O direito ao brincar e ao encantamento

11 de junho de 2025

A infância é o tempo da criação, do brincar e da imaginação. Para se tornar verdadeiramente humano, é preciso ter vivido uma infância plena de experiências lúdicas. Por isso, é urgente reencantar nosso olhar para a criança como alicerce para a garantia dos seus direitos.

As crianças têm direito de sonhar e crescer em seu próprio tempo, e não há nada mais importante para elas do que brincar. O brincar é fundamental para a criança aprender a conhecer, a se relacionar, sobretudo a ser. Mas estamos falando de um brincar com liberdade e espontaneidade, onde a criança não brinca para aprender: ela brinca porque essa é a sua linguagem e forma de se relacionar com o mundo. O eixo da criança não é o da produtividade — brincar é sua única obrigação e meio para refletir sobre sua realidade, sua cultura, construir sua personalidade e descobrir o que quer deste mundo.

É compromisso coletivo garantir que a criança exista nesse estado essencial de constante investigação e liberdade para imaginar. Que ela possa devanear, fabular mundos impossíveis, se encantar — e assim criar novos mundos possíveis, sonhos e utopias. O corpo da criança é político, pois carrega potência de expressão, de intervenção e de participação no mundo. Assim como nossas relações sociais, sua presença, seus gestos e sua forma de habitar os espaços são também atos políticos que constroem cultura, território e sociedade. Brincar com liberdade e capacidade de escolha é a maneira de participar da sociedade. É formação cidadã e democrática, pois reconhece a criança como sujeito social que desenvolve sua humanidade na relação com o outro.

Cabe aos adultos garantir tempo, espaço e condições adequadas para que isso aconteça: ambientes seguros, acessíveis e acolhedores, com tempo para observar, contemplar e imaginar. Isso inclui políticas públicas que respeitam a criança como prioridade absoluta, em acordo com o Art. 227 da Constituição. Não só as políticas voltadas diretamente à infância — como a Semana Municipal do Brincar — mas também as que asseguram estrutura a adultos e cuidadores, como transporte, moradia e alimentação. A infância dura só 12 anos: o tempo da criança é agora. Trata-se de garantir o que ela precisa para existir plenamente hoje, em seu tempo presente. Não se trata de prepará-la para ser futura cidadã — ela já é.

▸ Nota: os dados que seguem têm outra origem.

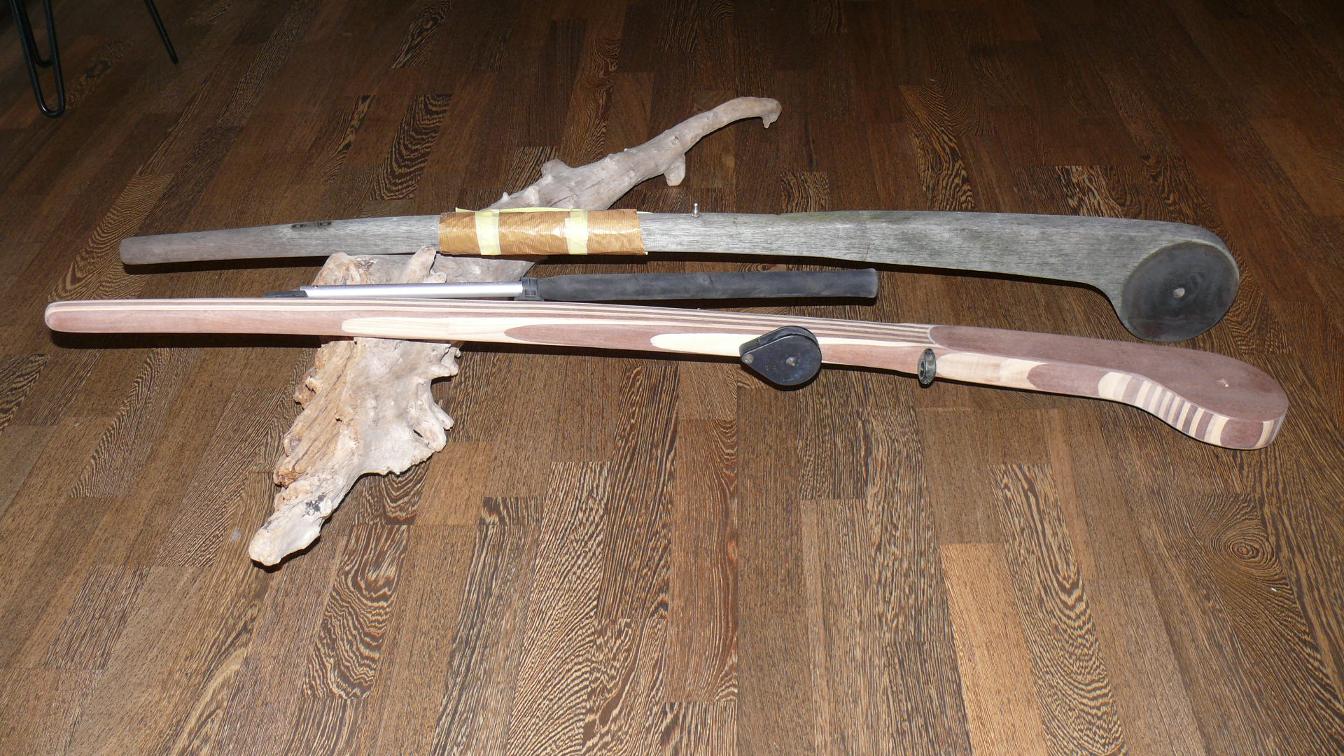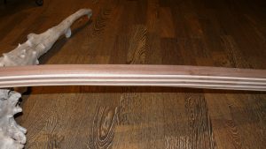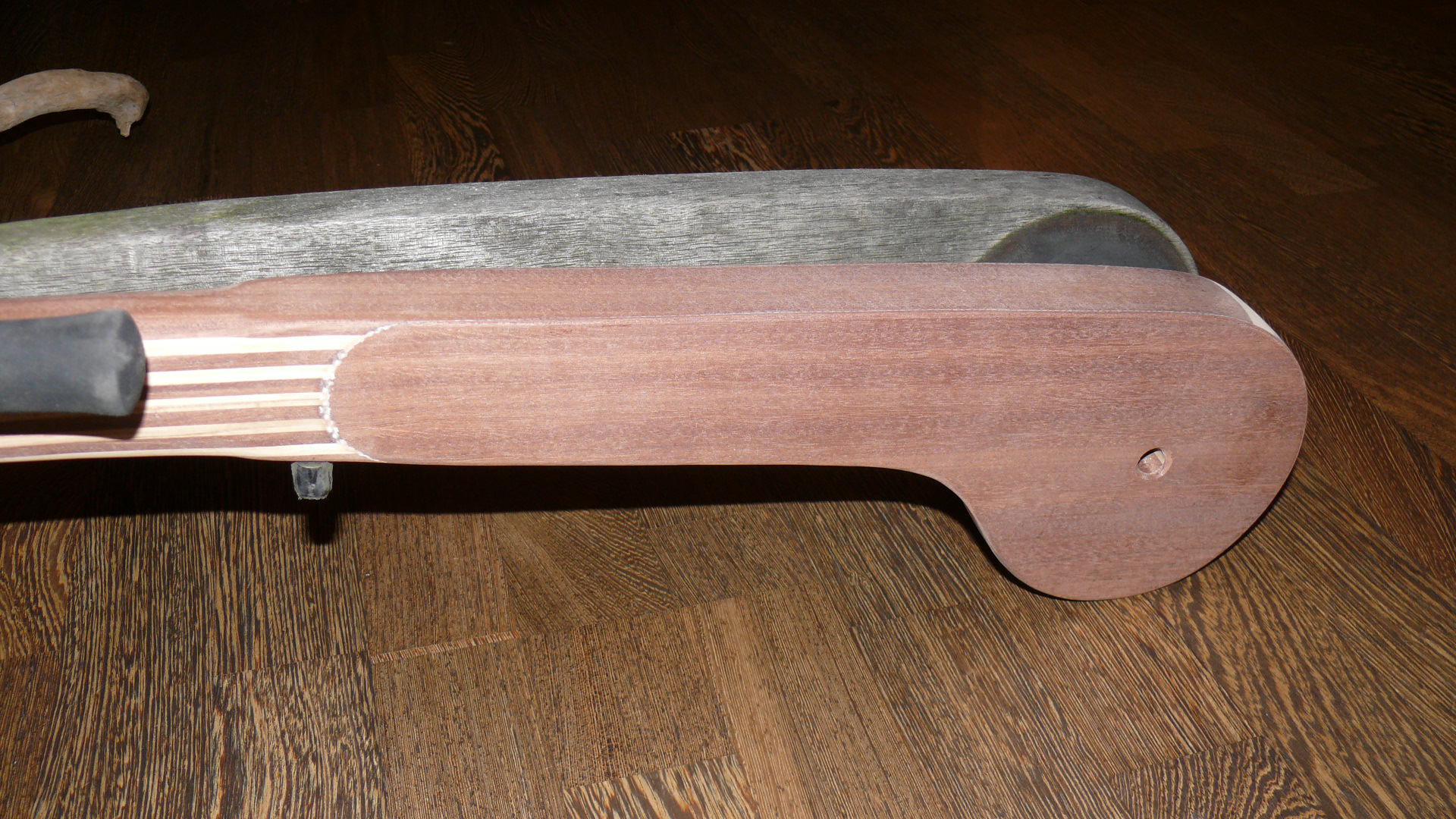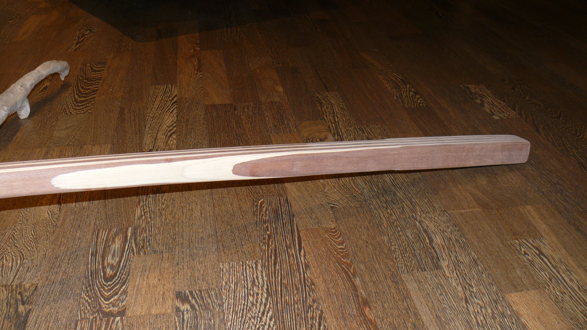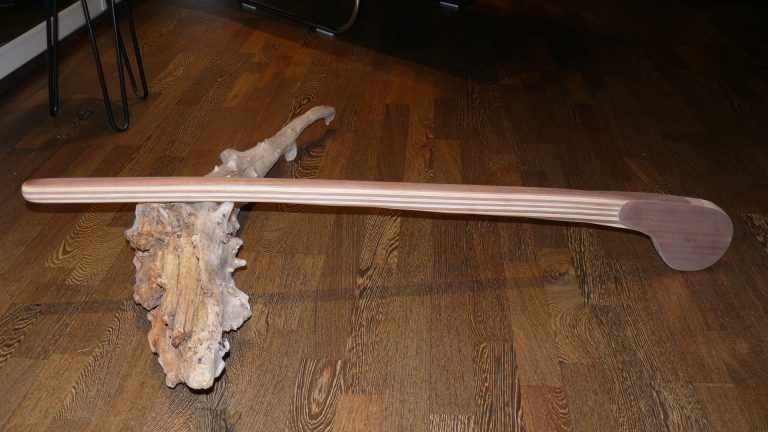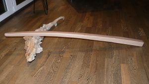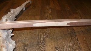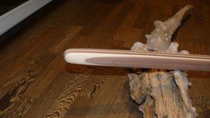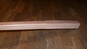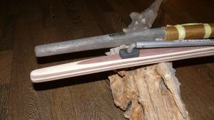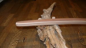 Die grosse Schwester des Folkeboots hat eine ähnliche Pinnenform wie das „Ur“-Folkeboot. Jedoch ist am Ende eine tellerförmige Aufnahme. Dies macht den Bau aufwendig und zeitintensiv, zumal ich keine Kompromisse bei der Stabilität eingehen will. Die von mir gebauten Marieholm 26 Pinnen musste ich für die Eigner neu bauen, weil das tellerförmige Ende gebrochen ist. Ein Problem der kurzen Holzfasern in diesem Bereich. Deswegen habe ich eine besondere Bauweise gewählt. Die Verdickung aus den lamellierten Hölzern wird in drei Arbeitsschritten aufgearbeitet und mit einer Kopierfräse vom Original auf die neue Pinne übertragen. Anschliessend laminiere ich rechts uns links ein Rovinggewebe auf den Teller und decke dieses wieder mit einer Lage Mahagoni-Starkfurnier ab. Zum Schluss wird alles sauber verschliffen. Das sieht erstens sehr gut aus, ist zweitens deutlich kratz- und fäulnisresitenter und das Rovinggewebe stabilisiert das Tellerende enorm.

Sim, o brincar é um direito humano, no contexto da proteção integral à infância. Internacionalmente está garantido pela Declaração Universal dos Direitos da Criança e Convenção sobre os Direitos da Criança.  No Brasil, além da Constituição Federal, está previsto pelo Estatuto da Criança e do Adolescente (ECA), Lei de Diretrizes e Bases da Educação, Marco Legal da Primeira Infância, e pela nova Lei nº 14.826/2024, que institui a parentalidade positiva e o direito ao brincar como estratégias de prevenção à violência.

O direito a sonhar e crescer inclui também os direitos básicos, pois o corpo da criança precisa estar forte e saudável para sonhar. Mas não basta o básico. É fundamental garantir o que ela precisa para viver seu encantamento com o mundo — aquele estado em que está enfeitiçada pela brincadeira, que a chama a ser o seu melhor. Mia Couto disse que para encantarmos o mundo, precisamos nos encantar antes. Encantamento não é supérfluo — faz parte da garantia de direitos.

A Semana Mundial do Brincar é um desses espaços. Cidades que a tornam política pública municipal trazem materialidade ao direito e oferecem locais onde o brincar pode ser vivido por todas as crianças, debatido por famílias, sociedade civil e poder público. E a Semana Municipal do Brincar por sua vez, é uma mobilização social que nasce nos territórios, a partir das práticas, experiências e reivindicações de diferentes atores — educadores, famílias, organizações da sociedade civil, gestores públicos e, sobretudo, das próprias crianças, que se colocam como agentes na defesa do direito ao brincar. Como lei municipal, o movimento passa a ser uma política pública que obriga o Estado a garantir condições para que o brincar seja efetivamente reconhecido como um direito fundamental da infância. Isso significa direcionar investimentos e articular ações intersetoriais, envolvendo áreas como educação, saúde, cultura, esporte, lazer e desenvolvimento social, para assegurar que os espaços, os tempos e as relações nas cidades sejam favoráveis às infâncias, colocando o brincar no centro da construção de territórios mais humanos, inclusivos e saudáveis.

Que os adultos encantem seus olhares para as crianças e garantam, na prática, que o brincar, como direito, experiência e vivência significativa, ocupe todos os espaços públicos e privados, instituições, escolas, ruas e famílias.